Gómara identifies this loathsome diet with a particular tribe, the “Yaguaces” of Florida. “They eat spiders, ants, worms, lizards of two kinds, snakes, earth, wood, and ordure of all kinds of wild animals.”[10]
The California Indians were still viler. The German Jesuit, Father Jacob Baegert, speaking of the Lower Californians (among whom he resided continuously from 1748 to 1765), says:—
“They eat the seeds of the pitahaya (giant cactus) which have passed off undigested from their own stomachs; they gather their own excrement, separate the seeds from it, roast, grind, and eat them, making merry over the loathsome meal.” And again: “In the mission of Saint Ignatius, ... there are persons who will attach a piece of meat to a string and swallow it and pull it out again a dozen times in succession, for the sake of protracting the enjoyment of its taste.”—(Translation of Dr.
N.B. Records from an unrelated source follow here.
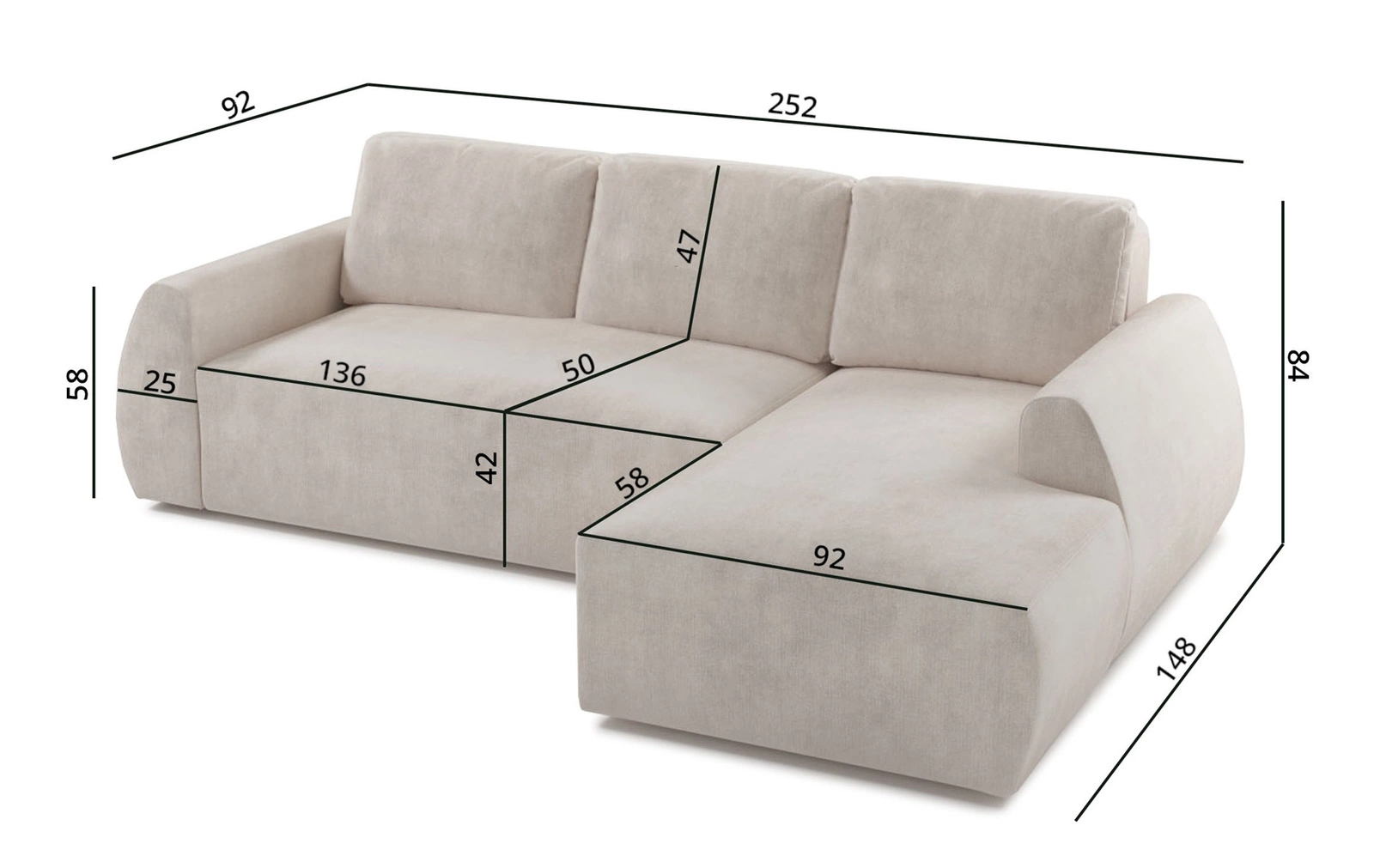 Rozměry nábytku umožňují plánování prostoru v menším obývacím pokoji. Šířka rohu 252 cm, výška 84 cm a hloubka 148 cm. Spací plocha rohové jednotky je 125x202 cm. Výška sedadla nábytku je 42 cm a výška opěradla je 47 cm. Vlnité pružiny a polyuretanová pěna T30 je materiál, z něhož je vyrobeno sedadlo rohu. Soft polštáře opěradla zajišťují vysoký komfort při každodenním odpočinkukterý oceníte vy i vaši hosté při posezení na této jedinečné rohové pohovce.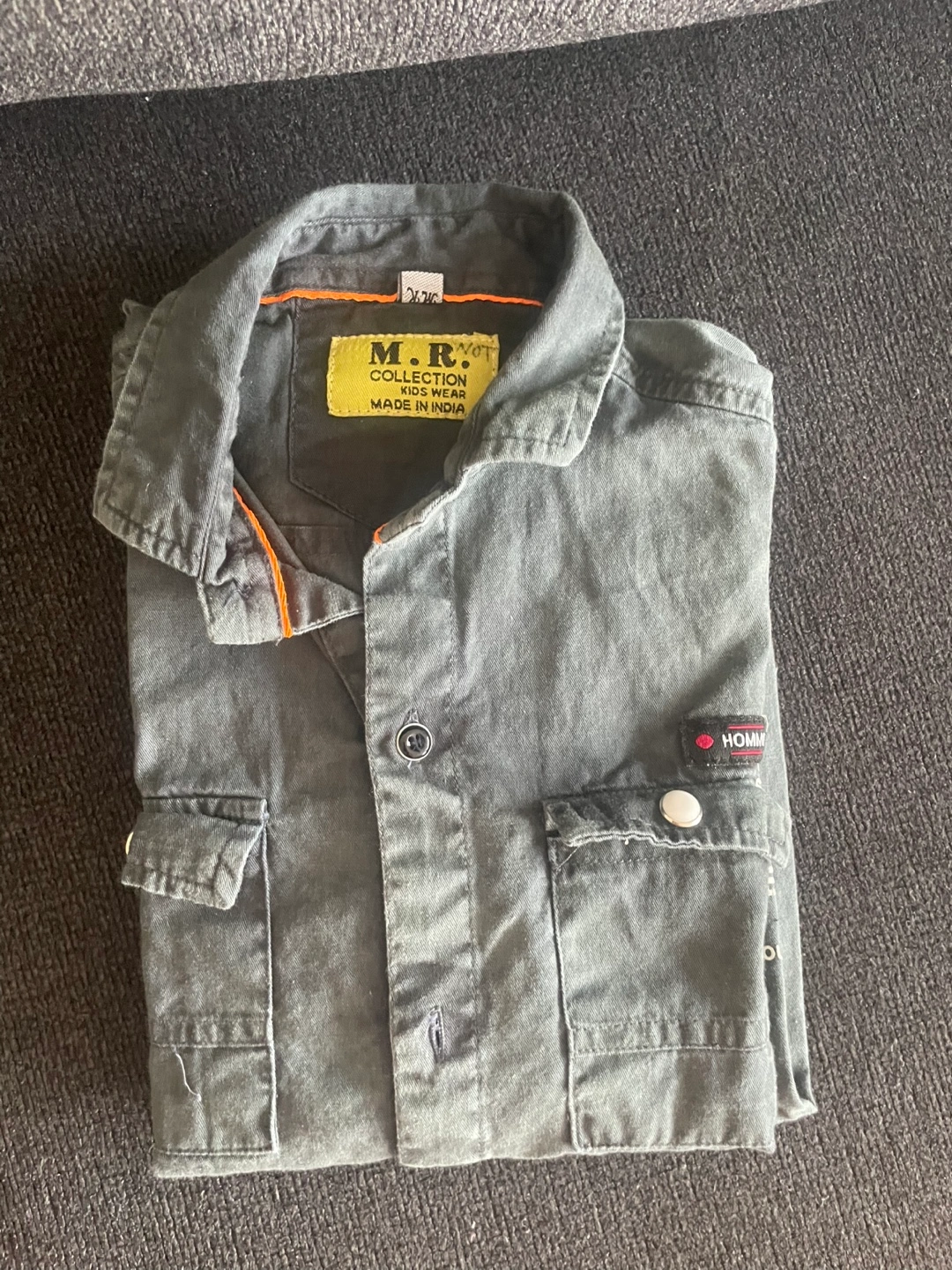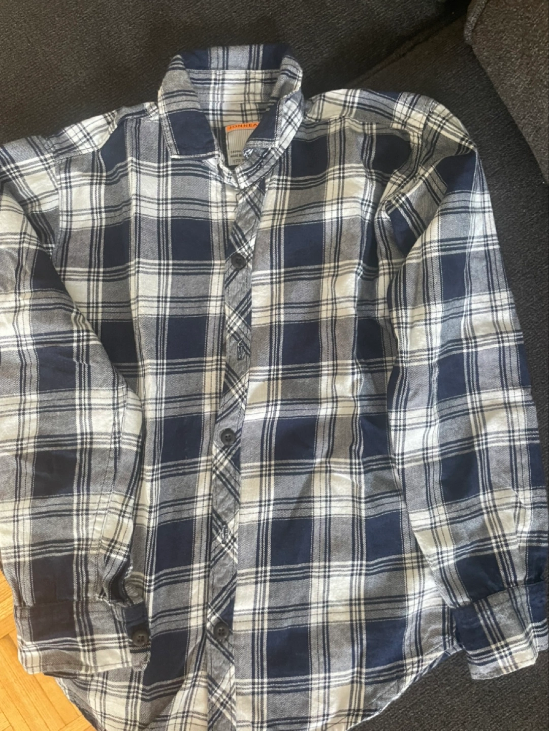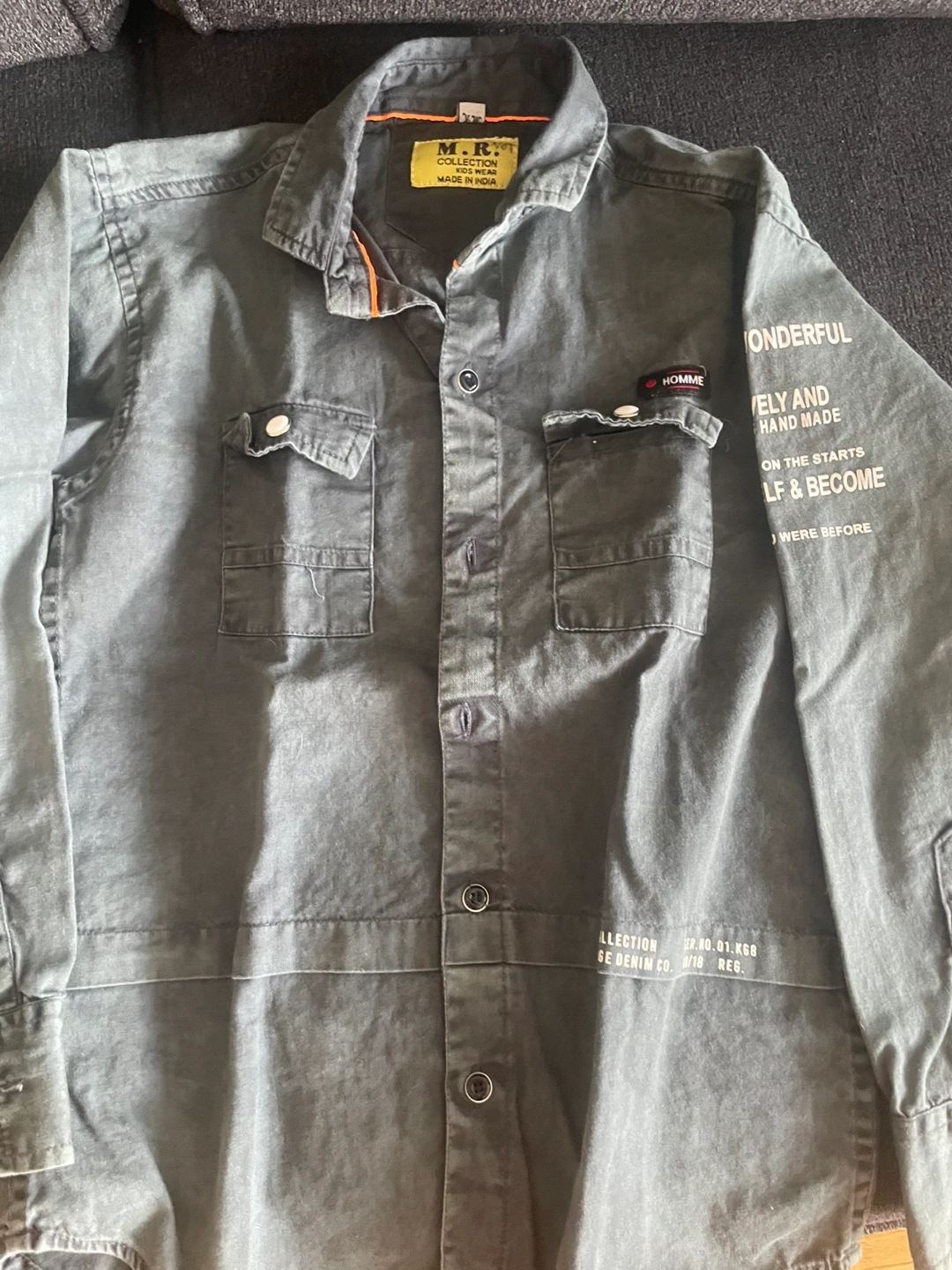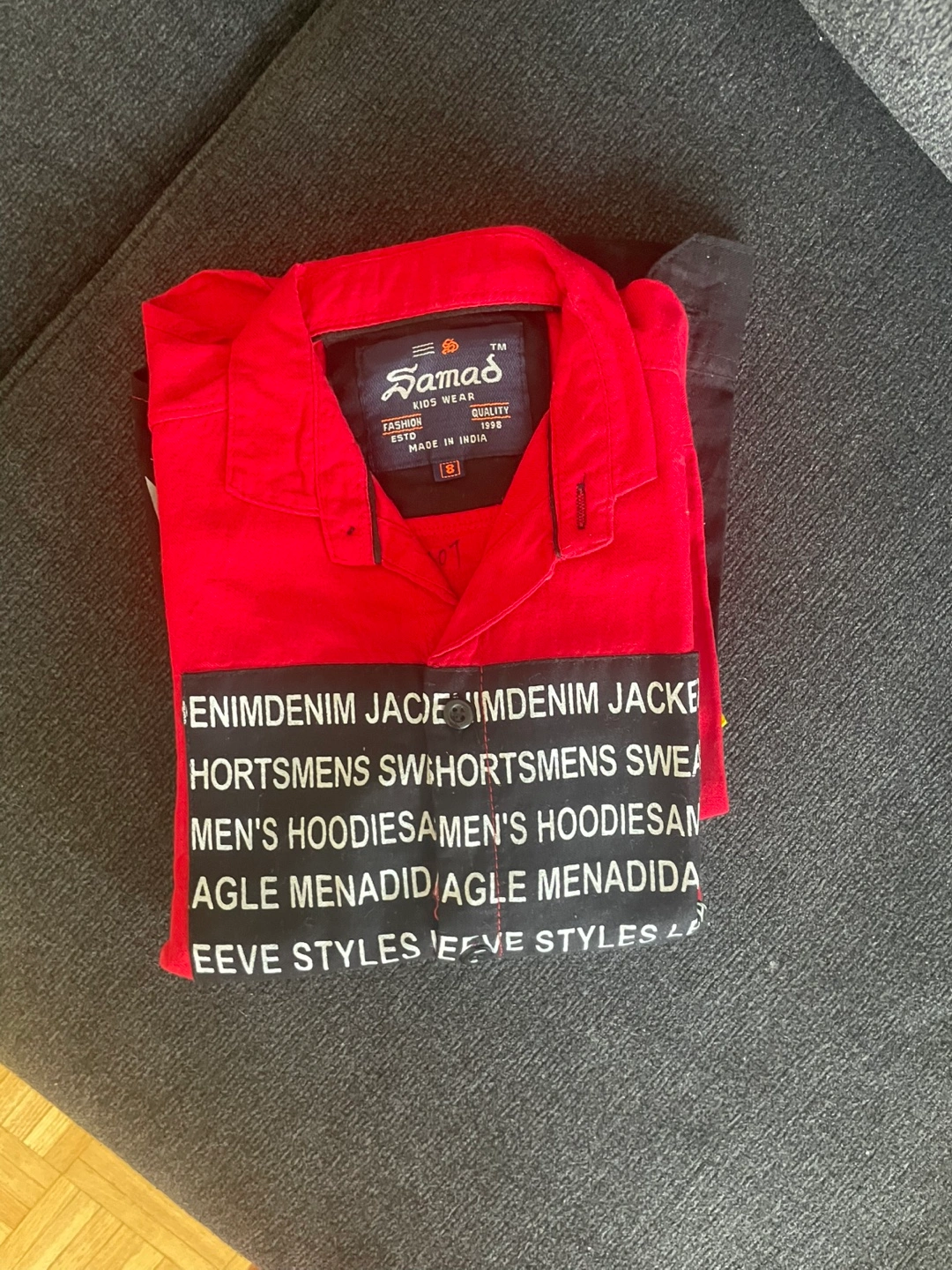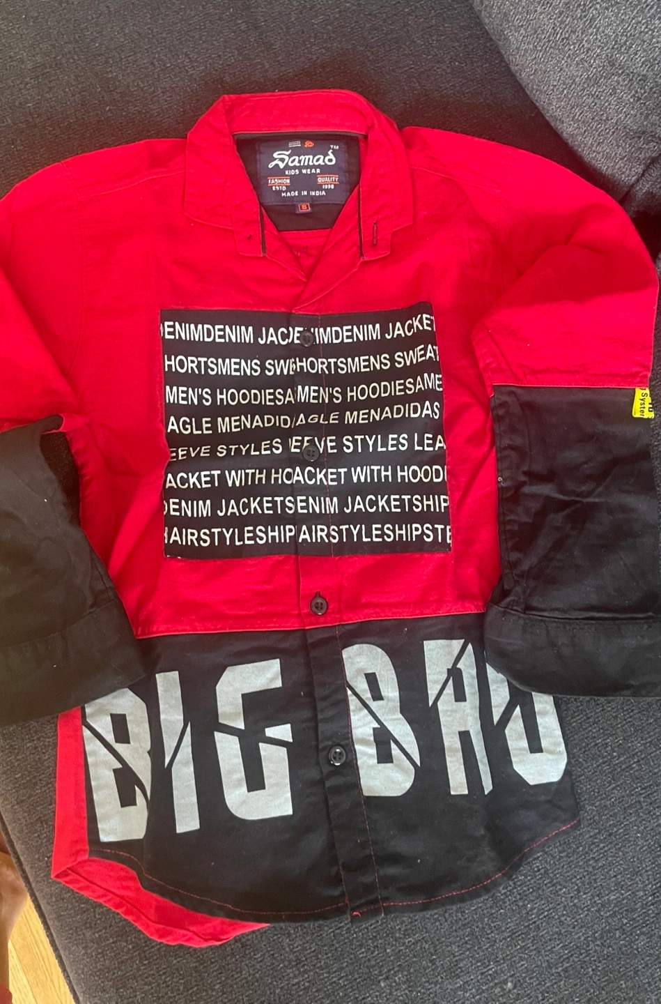Long sleeve button up shirt, red with black print on the sleeves. Size S. size are good for 5 to 7 kid boy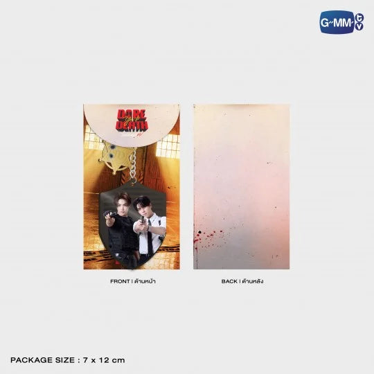 Acrylic keychain de JoongDunk con imagen de JoongDunk de la serie “Dare You to Death”, acompañado de un acrylic charm en forma de estrella impreso con el logo “JD”. Un accesorio ideal para llevar contigo y mostrar tu apoyo a la serie con un diseño llamativo y coleccionable.

Charles F. Rau, in Annual Report, Smithsonian Institution, 1866, p. 363.)
A similar use of meat tied to a string is understood to have once been practised by European sailors for the purpose of teasing green comrades suffering from the agonies of sea-sickness.
(Fuegians.) “One of them immediately coughed up a piece of blubber which he had been eating and gave it to another, who swallowed it with much ceremony and with a peculiar guttural noise.”—(“Voyage of the Adventure and Beagle,” London, 1839, vol. i. p. 315.)
The same information is to be found in Clavigero (“Historia de la Baja California,” Mexico, 1852, p. 24), and in H. H. Bancroft’s “Native Races of the Pacific Slope,” vol. i. p. 561; both of whom derive from Father Baegert. Orozco y Berra also has the story; but he adds that oftentimes numbers of the Californians would meet and pass the delicious tid-bit from mouth to mouth.[11]